Authentication at the gateway so backend services are shielded.
Circuit breakers to prevent cascading failures.

Layer 5: Application Servers

Stateless servers behind the load balancer (sessions in Redis).
Auto-scaling based on CPU and request count.
Minimum 100 instances; scale up to 200+ during peaks.
Blue-green or canary deployments for zero-downtime updates.

Layer 6: Caching

Redis Cluster with 6+ nodes (3 primary, 3 replica).
Cache-aside pattern for database reads.
Cache the hottest 20% of data that serves 80% of reads.
TTLs of 60-300 seconds depending on data type.
Cache stampede prevention via locking.

Layer 7: Message Queues

Kafka for event streaming (order events, analytics).
SQS for async task processing (emails, notifications).
Dead letter queues configured for all queues.

Layer 8: Database

Primary-replica setup with read replicas.
Sharding if single primary cannot handle write load.
Automated failover (RDS Multi-AZ or equivalent).

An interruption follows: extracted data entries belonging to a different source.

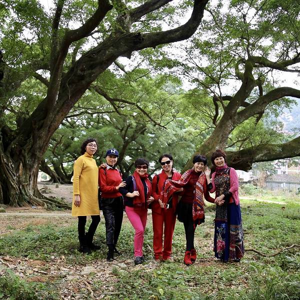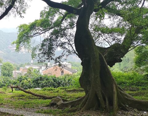 榕枫公园地处福建省霞浦县牙城镇渡头村,是杨家溪的一个重要景点。公园主要是由大片的枫树林和古榕树群所组成的。这里的古榕树数量多、舒展壮观、枝繁叶茂、交柯成排,特别古朴和怪异。其中最大的一棵小叶红皮榕,高29米、冠幅直径51米,冠幅占地3.06亩,树干为椭圆形,长轴胸径5.1米、短轴胸径3.6米,周长12.6米,因该榕树干中空,有7个洞口可相通。初夏的这里,人们在翠绿阡陌中来回穿梭,拍摆,吸氧,充满活力。美中遗憾是这里成了摄影师打卡点,千年榕树下老翁放牛老耋挑担,一群当地人拼命点柴扇风似乎吹烟袅袅。只是我的理解艺术来源生活而高于生活,这样做作蔚然成风有意思么?大自然原本就那么美,你来不来她永远这样静谧。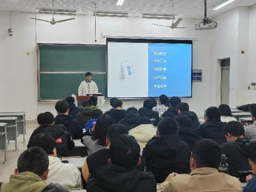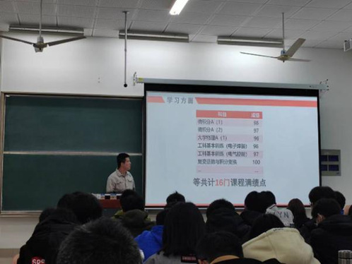 接著輪到電氣2114班的劉圣典同學分享,他以電氣學院學生會主席的身份,從思想政治、學生工作、科創競賽、公益貢獻以及學業成績幾個方面詳細呈現了自己的經驗。劉圣典靈活運用豐富的經歷,展示了如何在這些方面做到平衡與兼顧,展現了中國青年時代精神的典范。他向同學們提出了以學習為核心的觀點,強調了知識在大學生活中的至關重要性。劉圣典分享的過程既富有深意,又頗具幽默感,為廣大同學提供了積極向上的學習指引,鼓勵大家在知識的海洋中不斷提升自我,為自身成長打下堅實基礎。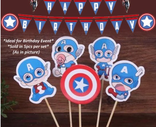 5pcs per set - Cute Creative Captain America Cake Toppers for Kids Birthday toys for girls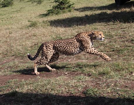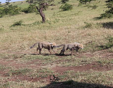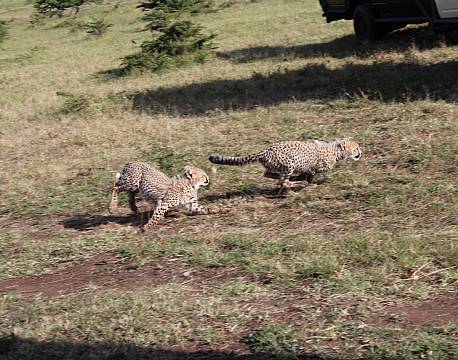 Tidlig morgen gamedrive hvor vore to chauffører Daniel og Duncan "stødte" på denne hungepard med hendes to meget legesyge unger på ca. 3 måneder.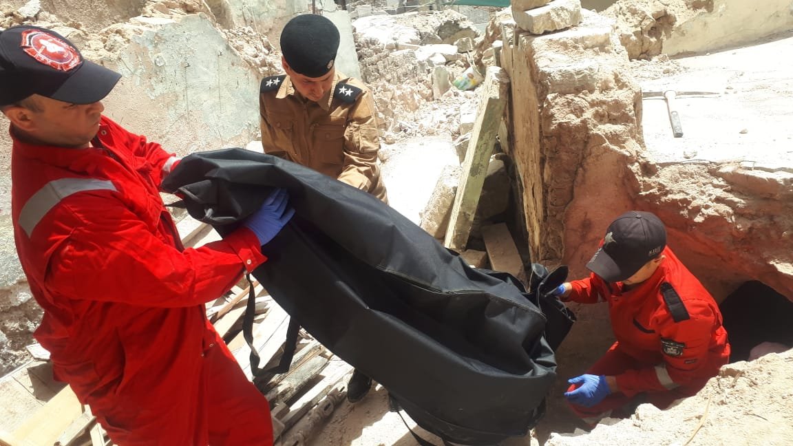 تنشر وكالة من كربلاء الخبر صوراً لقيام الدفاع المدني بانتشال جثة في ايمن الموصل تعود لأيام التحرير.

Achieving 99.99% uptime (52 minutes of downtime per year):

Multi-AZ deployment (survive AZ failure).
Multi-region with failover (survive region failure).
No single points of failure at any layer.
Automated health checks and failover at every layer.
Canary deployments to catch bugs before full rollout.
Chaos engineering to test failure scenarios.
On-call team with runbooks for incident response.

Monitoring: Prometheus + Grafana for metrics. ELK or Datadog for logs. Jaeger for distributed tracing. PagerDuty for alerts.